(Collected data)
****************************************
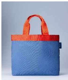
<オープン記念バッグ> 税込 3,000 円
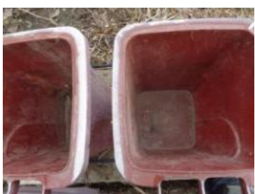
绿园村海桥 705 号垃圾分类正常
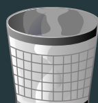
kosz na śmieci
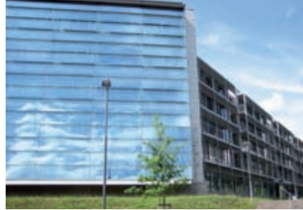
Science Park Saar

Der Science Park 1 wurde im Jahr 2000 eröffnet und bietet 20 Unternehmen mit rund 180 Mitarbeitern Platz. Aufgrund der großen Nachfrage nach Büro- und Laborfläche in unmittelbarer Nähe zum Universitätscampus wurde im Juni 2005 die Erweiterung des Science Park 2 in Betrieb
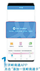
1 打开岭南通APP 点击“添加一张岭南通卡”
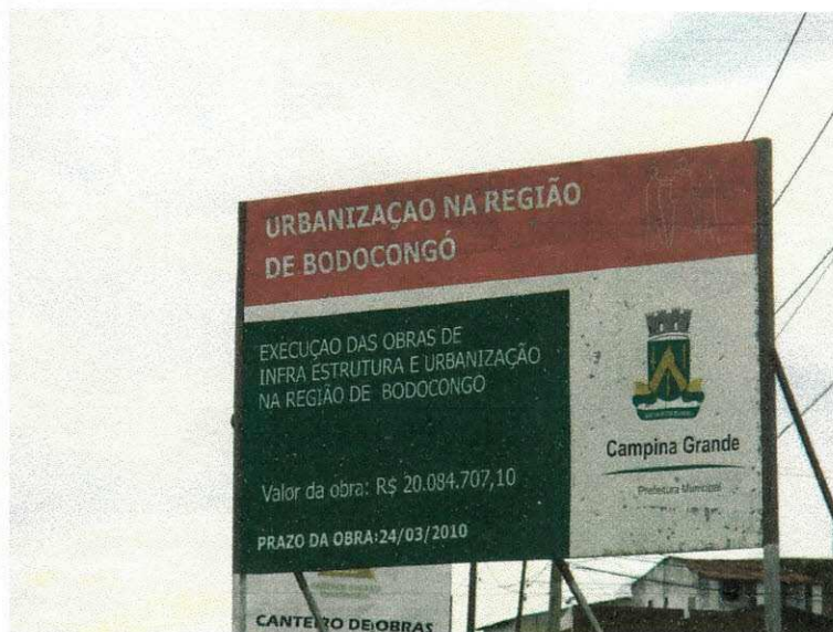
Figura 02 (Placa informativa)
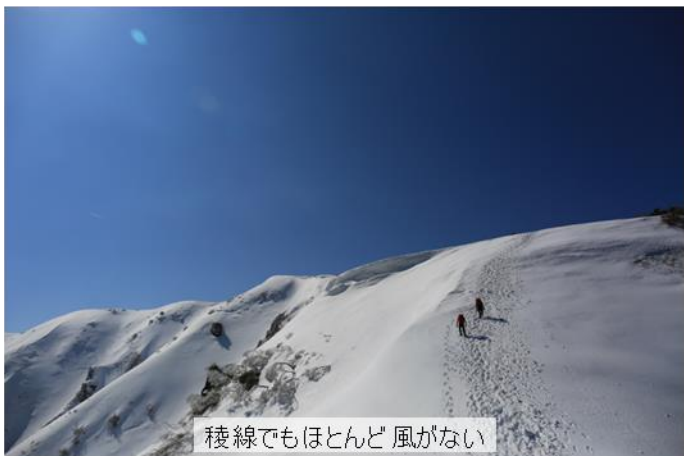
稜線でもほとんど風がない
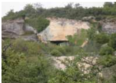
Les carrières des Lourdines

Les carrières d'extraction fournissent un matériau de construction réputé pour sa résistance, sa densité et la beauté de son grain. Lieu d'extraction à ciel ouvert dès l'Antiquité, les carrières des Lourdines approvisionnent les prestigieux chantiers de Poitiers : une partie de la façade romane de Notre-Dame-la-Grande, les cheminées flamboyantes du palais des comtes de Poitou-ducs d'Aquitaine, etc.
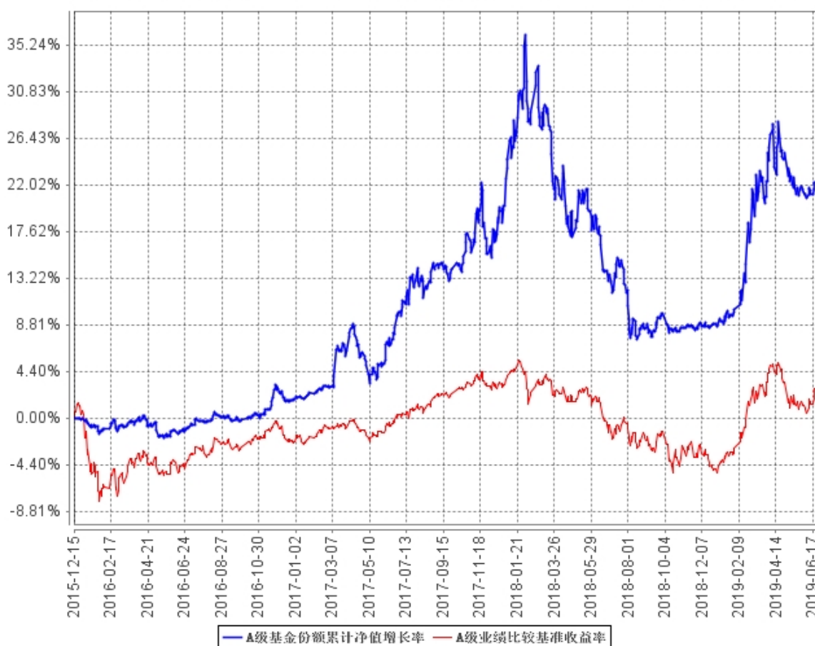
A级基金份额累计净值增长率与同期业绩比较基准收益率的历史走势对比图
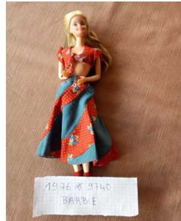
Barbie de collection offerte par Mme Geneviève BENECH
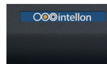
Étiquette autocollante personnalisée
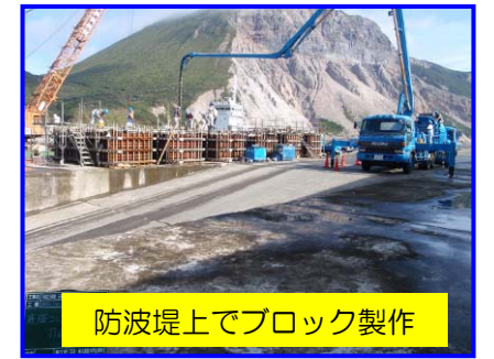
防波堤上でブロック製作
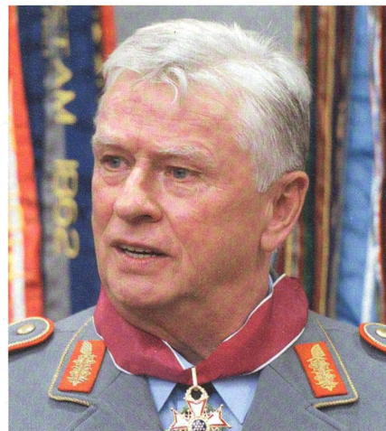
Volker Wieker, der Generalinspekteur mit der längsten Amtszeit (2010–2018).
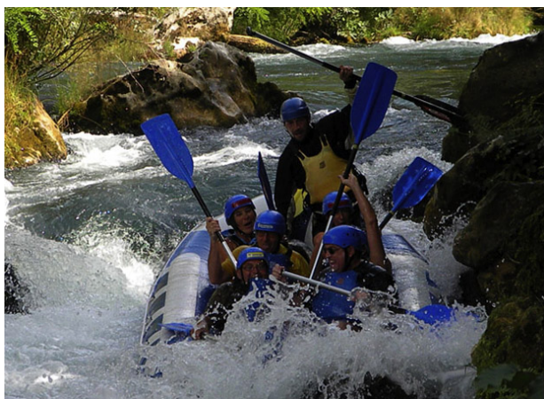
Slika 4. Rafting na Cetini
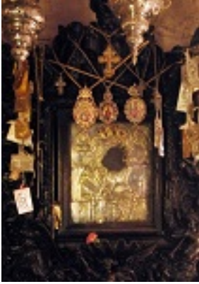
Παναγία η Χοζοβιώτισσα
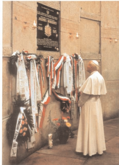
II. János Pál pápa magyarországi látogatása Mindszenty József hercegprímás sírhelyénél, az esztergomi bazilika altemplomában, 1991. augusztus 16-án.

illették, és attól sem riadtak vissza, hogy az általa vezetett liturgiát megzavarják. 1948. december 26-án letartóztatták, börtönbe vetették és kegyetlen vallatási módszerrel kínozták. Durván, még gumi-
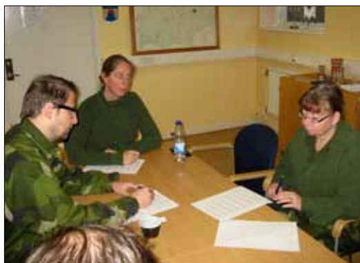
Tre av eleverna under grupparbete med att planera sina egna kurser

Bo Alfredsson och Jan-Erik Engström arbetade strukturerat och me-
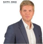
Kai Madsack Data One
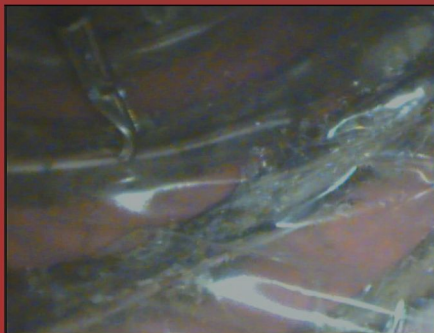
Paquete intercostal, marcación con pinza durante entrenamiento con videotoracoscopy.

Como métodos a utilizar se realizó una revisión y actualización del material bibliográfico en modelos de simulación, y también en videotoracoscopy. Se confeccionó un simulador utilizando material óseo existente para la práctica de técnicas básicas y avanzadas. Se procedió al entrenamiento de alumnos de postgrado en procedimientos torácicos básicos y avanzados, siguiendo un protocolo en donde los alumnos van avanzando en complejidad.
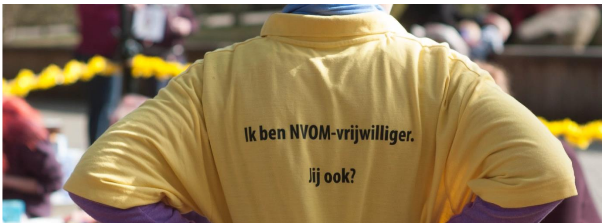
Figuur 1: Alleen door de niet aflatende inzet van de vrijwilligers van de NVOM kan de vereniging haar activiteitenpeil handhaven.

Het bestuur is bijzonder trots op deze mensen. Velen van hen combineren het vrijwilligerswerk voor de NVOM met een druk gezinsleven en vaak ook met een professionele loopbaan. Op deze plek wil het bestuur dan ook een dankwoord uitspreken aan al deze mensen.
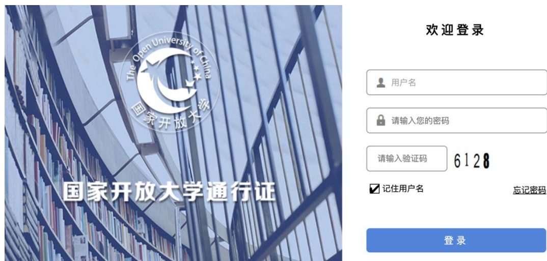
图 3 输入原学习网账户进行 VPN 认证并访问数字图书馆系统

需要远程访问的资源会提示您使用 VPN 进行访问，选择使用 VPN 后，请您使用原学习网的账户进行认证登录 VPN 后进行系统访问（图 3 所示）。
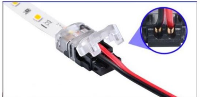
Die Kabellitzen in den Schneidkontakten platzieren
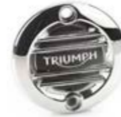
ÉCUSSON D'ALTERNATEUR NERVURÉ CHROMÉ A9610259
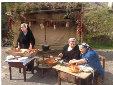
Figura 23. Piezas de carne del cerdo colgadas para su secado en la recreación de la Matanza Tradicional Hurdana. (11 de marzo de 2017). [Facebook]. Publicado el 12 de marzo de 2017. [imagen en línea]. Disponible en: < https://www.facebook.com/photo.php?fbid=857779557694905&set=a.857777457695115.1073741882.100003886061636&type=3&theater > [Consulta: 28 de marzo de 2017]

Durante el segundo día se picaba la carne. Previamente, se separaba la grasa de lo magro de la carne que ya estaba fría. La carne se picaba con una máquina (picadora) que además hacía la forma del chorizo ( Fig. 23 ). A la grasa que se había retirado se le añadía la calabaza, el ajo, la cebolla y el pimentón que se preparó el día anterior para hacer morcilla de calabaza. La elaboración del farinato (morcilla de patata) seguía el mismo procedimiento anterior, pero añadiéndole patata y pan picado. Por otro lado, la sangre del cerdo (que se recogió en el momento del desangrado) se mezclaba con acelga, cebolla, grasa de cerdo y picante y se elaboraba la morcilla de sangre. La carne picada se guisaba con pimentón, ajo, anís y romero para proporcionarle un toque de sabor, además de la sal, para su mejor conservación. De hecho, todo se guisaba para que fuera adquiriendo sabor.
****************************************
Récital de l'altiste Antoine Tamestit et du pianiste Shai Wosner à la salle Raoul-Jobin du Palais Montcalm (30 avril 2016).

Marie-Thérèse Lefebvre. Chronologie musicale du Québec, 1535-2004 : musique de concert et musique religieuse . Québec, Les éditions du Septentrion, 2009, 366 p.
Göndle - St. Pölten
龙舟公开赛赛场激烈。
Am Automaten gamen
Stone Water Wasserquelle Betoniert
****************************************
## Goal of the exercise
Take the entries above and return only the lines from the one with "Am Automaten gamen" to the one with "Stone Water Wasserquelle Betoniert", both included, unchanged.

## Response to the task
Am Automaten gamen
Stone Water Wasserquelle Betoniert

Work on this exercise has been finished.